> Work order:
Could you please reproduce the entries exactly, leaving out any pictures?

> Excerpted data:
>>>>>
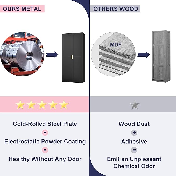 - MATERIAL: The kitchen food storage cabinet is crafted from cold-rolled steel plate(SPCC), ensuring it is sturdy and durable. Steel plates are covered with an environmentally friendly powder coating. Compared to traditional wooden or plastic cabinets, UNICOLY kitchen food storage cabinets are corrosion-resistant, easy to clean, and odourless
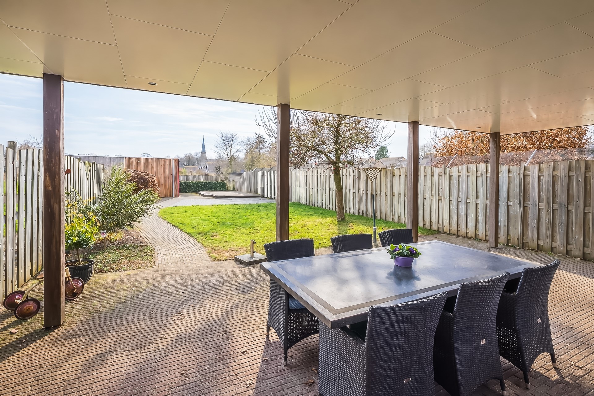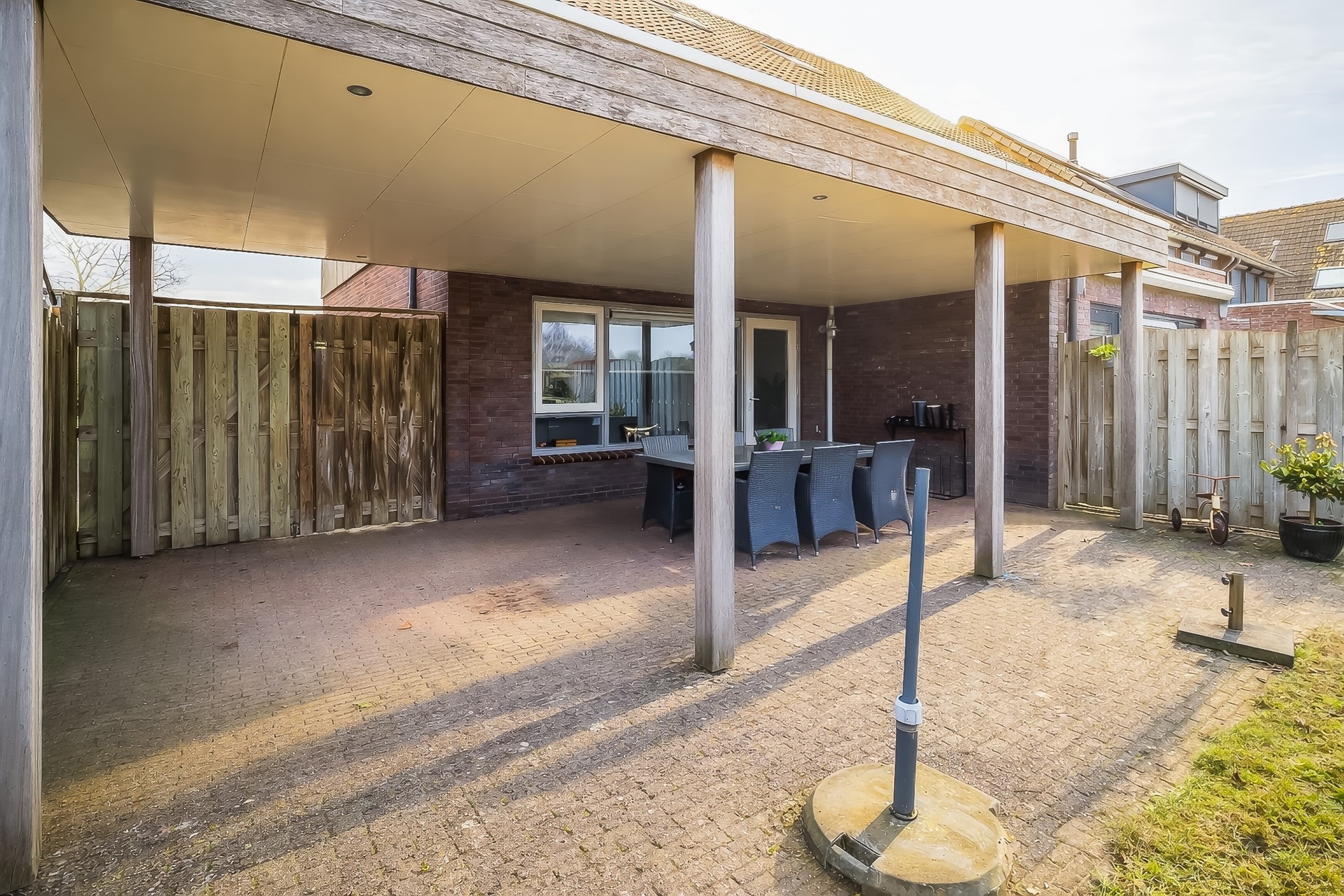 Onder de veranda, die zich uitstrekt over de volle breedte van de tuin, is het op elk moment van de dag prettig verblijven. De inbouwspots in het plafond zorgen ’s avonds voor een warme, sfeervolle setting – ideaal voor lange zomeravonden met een goed glas wijn of een gezellige barbecue.
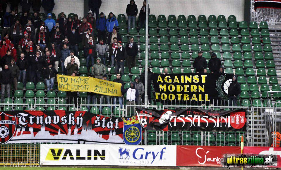 Nápis reagoval na smutnú skutočnosť , že žilinský fanúšik si musí zakúpiť lístok do sektoru hostí, aby mohol stáť na tribúne, ktorá bola dlhé roky domovom žilinského kotla. Bol doplnený o vlajku Against Modern Football a niekoľko pokrikov, medzi inými aj “vráťte sever fanúšikom”. Následne sme poďakovali Trnavákom a opustili sektor.
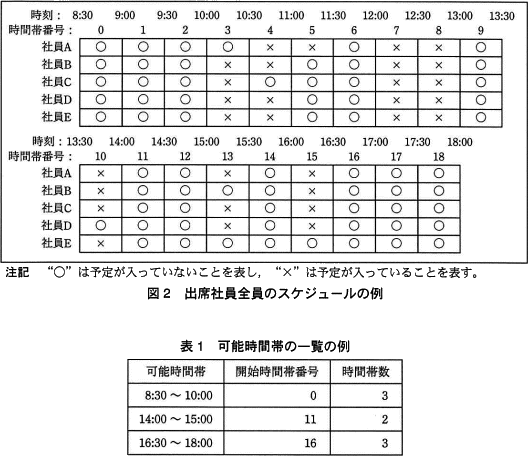 - 候補時間帯 free には,出席社員全員の予定が入っていない,会議時間以上の連続する時間帯(以下,可能時間帯という)を全て格納する。最後に格納した要素の次の要素の開始時間帯番号には,-1を格納する。例えば,出席社員5名(社員A~E)の予定が図2のとおりであった場合,会議時間が1時間(slot_num=2)のとき,可能時間帯の一覧は表1になる。
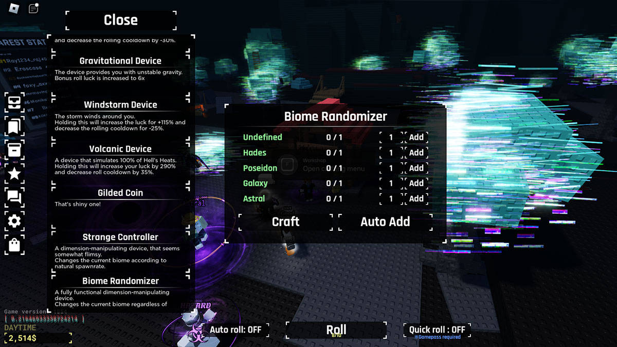 While Strange Controller and Biome Randomizer items exist, they cannot be used to roll Glitch as well. Both items can be used for an infinite amount of time with a 10-minute server-wide cooldown and a personal cooldown of 20 minutes. Strange Controller will swap the current biome with random ones at their normal rate, meanwhile, Biome Randomizer gives any biome a 1/7 chance to spawn. Nevertheless, the Glitch biome will not be part of the rotation pool of both Sol’s RNG items.
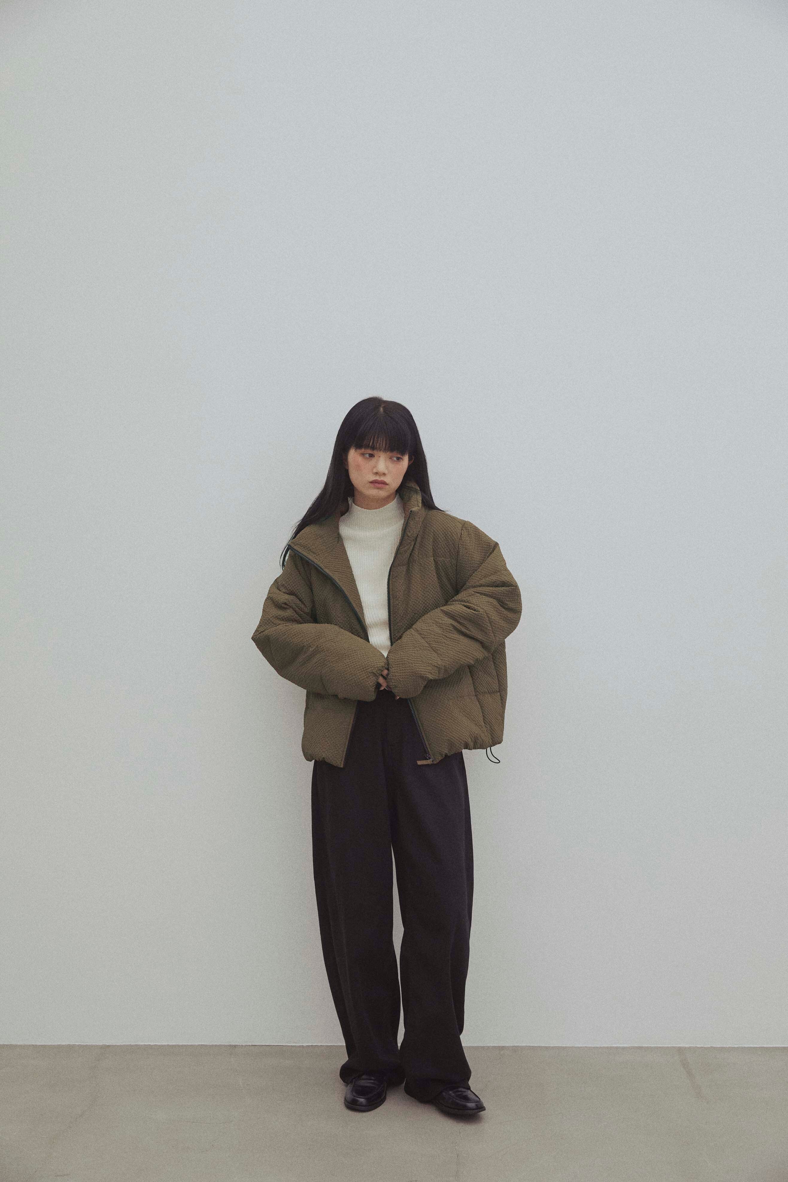 ふんわりとしたボリュームシルエットとハイネック仕様で、
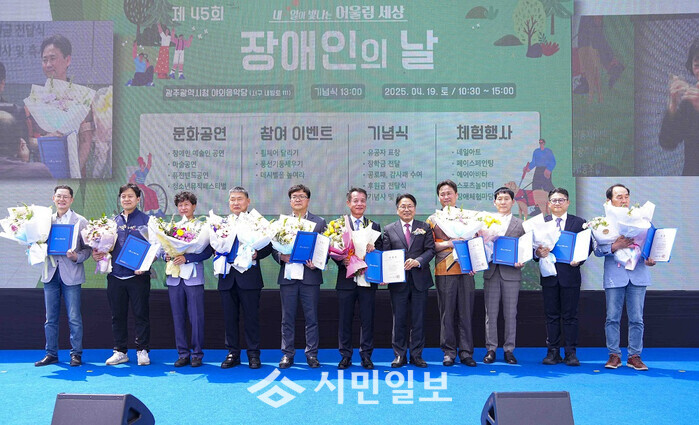 | ▲ 강기정 광주광역시장(오른 쪽부터 다섯 번째))이 19일 오후 시청 야외음악당에서 열린 '제45회 장애인의 날 기념식'에 참석해 내빈들과 기념촬영을 하고 있다./광주광역시 제공 |
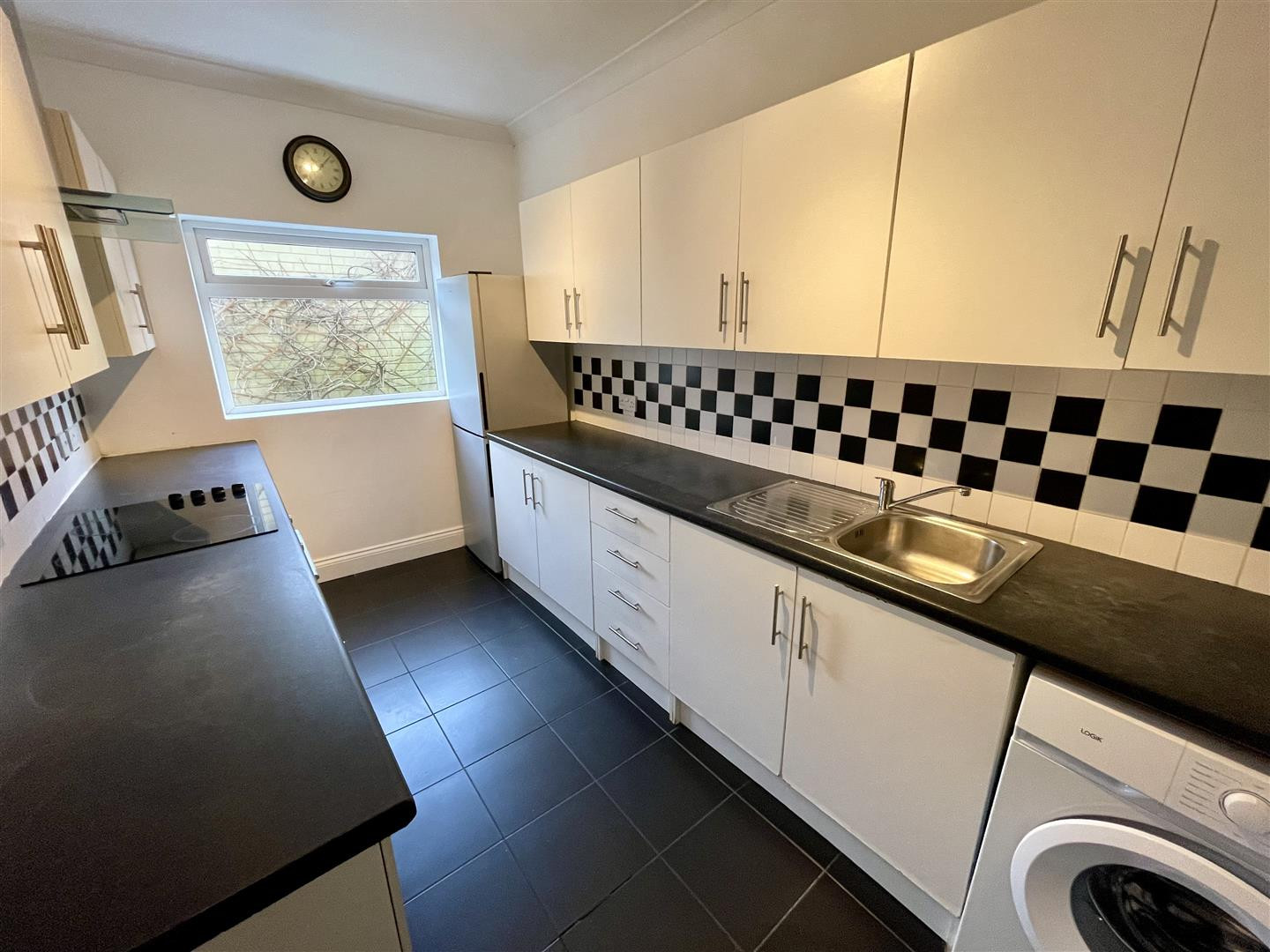 Upvc double glazed window to rear, fitted with wall, base and drawer units, electric hob and oven with extractor over. Stainless steel sink with mixer tap, space for a fridge freezer and washing machine. Radiator and part tiled walls.
<<<<<
> Solved exercise:
 - MATERIAL: The kitchen food storage cabinet is crafted from cold-rolled steel plate(SPCC), ensuring it is sturdy and durable. Steel plates are covered with an environmentally friendly powder coating. Compared to traditional wooden or plastic cabinets, UNICOLY kitchen food storage cabinets are corrosion-resistant, easy to clean, and odourless
 Onder de veranda, die zich uitstrekt over de volle breedte van de tuin, is het op elk moment van de dag prettig verblijven. De inbouwspots in het plafond zorgen ’s avonds voor een warme, sfeervolle setting – ideaal voor lange zomeravonden met een goed glas wijn of een gezellige barbecue.
 Nápis reagoval na smutnú skutočnosť , že žilinský fanúšik si musí zakúpiť lístok do sektoru hostí, aby mohol stáť na tribúne, ktorá bola dlhé roky domovom žilinského kotla. Bol doplnený o vlajku Against Modern Football a niekoľko pokrikov, medzi inými aj “vráťte sever fanúšikom”. Následne sme poďakovali Trnavákom a opustili sektor.
 - 候補時間帯 free には,出席社員全員の予定が入っていない,会議時間以上の連続する時間帯(以下,可能時間帯という)を全て格納する。最後に格納した要素の次の要素の開始時間帯番号には,-1を格納する。例えば,出席社員5名(社員A~E)の予定が図2のとおりであった場合,会議時間が1時間(slot_num=2)のとき,可能時間帯の一覧は表1になる。
 While Strange Controller and Biome Randomizer items exist, they cannot be used to roll Glitch as well. Both items can be used for an infinite amount of time with a 10-minute server-wide cooldown and a personal cooldown of 20 minutes. Strange Controller will swap the current biome with random ones at their normal rate, meanwhile, Biome Randomizer gives any biome a 1/7 chance to spawn. Nevertheless, the Glitch biome will not be part of the rotation pool of both Sol’s RNG items.
 ふんわりとしたボリュームシルエットとハイネック仕様で、
 | ▲ 강기정 광주광역시장(오른 쪽부터 다섯 번째))이 19일 오후 시청 야외음악당에서 열린 '제45회 장애인의 날 기념식'에 참석해 내빈들과 기념촬영을 하고 있다./광주광역시 제공 |
 Upvc double glazed window to rear, fitted with wall, base and drawer units, electric hob and oven with extractor over. Stainless steel sink with mixer tap, space for a fridge freezer and washing machine. Radiator and part tiled walls.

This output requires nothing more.